Users Prefer Claude Sonnet 4.6 Over Opus 4.5 in Head-to-Head Tests

Mid-Tier Model Outperforms Previous Flagship

In what Anthropic calls a "generational leap," user testing shows Claude Sonnet 4.6 defeating the previous flagship Opus 4.5 in preference tests.

Testing Results

Sonnet 4.6 vs Sonnet 4.5: 70% preferred Sonnet 4.6 Sonnet 4.6 vs Opus 4.5: 59% preferred Sonnet 4.6

Why Users Prefer Sonnet 4.6

Qualitative feedback highlighted three factors:

1. Better Instruction Following

"Sonnet 4.6 actually does what I ask. Opus would often 'improve' my request in ways I didn't want."

2. Fewer Hallucinations

"Less confident in wrong answers. When Sonnet 4.6 doesn't know something, it says so rather than making things up."

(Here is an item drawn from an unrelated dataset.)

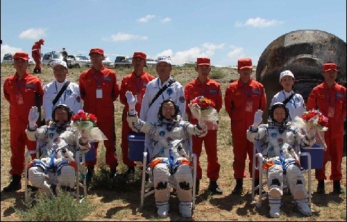 2012年06月29日上午10時,神九載人飛船返回艙在內(nèi)蒙古主著陸場安全著陸,3名航天員身體狀況良好。天宮一號與神舟九號載人交會對接任務(wù)取得圓滿成功。
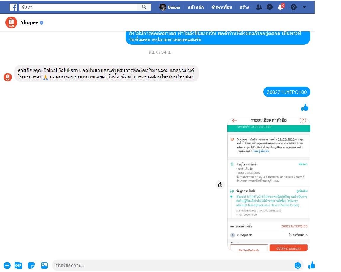 แต่ไม่เป็นไร ติดต่อshopee ให้เลขคำสั่งซื้อไปตามที่ขอ

3. Reduced Over-Engineering

"Asked for a simple function, got a simple function. Not a framework with dependency injection and abstract interfaces."

Benchmark Context

This preference data aligns with benchmarks:

Metric

Sonnet 4.6

Opus 4.5

SWE-bench

79.6%

77.2%

OSWorld

72.5%

61.4%

GDPval-AA

1633 Elo

~1550

Pricing Implications

The preference data makes Sonnet 4.6 even more compelling:

Opus 4.5: $15/$75 per million tokens

Sonnet 4.6: $3/$15 per million tokens

Users get better perceived quality at 20% of the cost.

Enterprise Reaction

"We were planning an Opus 4.5 deployment for Q2. These results have us reconsidering. Why pay 5x for something users like less?" — CTO, Enterprise SaaS company

Opus 4.6 Still Has a Place

Anthropic notes Opus 4.6 (the new flagship) still excels for:

PhD-level scientific reasoning (91.3% GPQA vs 74.1%)

Multi-agent coordination

Extreme long-context retrieval (76% vs 18% on MRCR)

But for most applications, Sonnet 4.6 appears to be the optimal choice.

What This Means

The AI industry is seeing compression: mid-tier models reaching flagship performance while maintaining cost efficiency. Anthropic's strategy of rapid iteration appears to be paying off.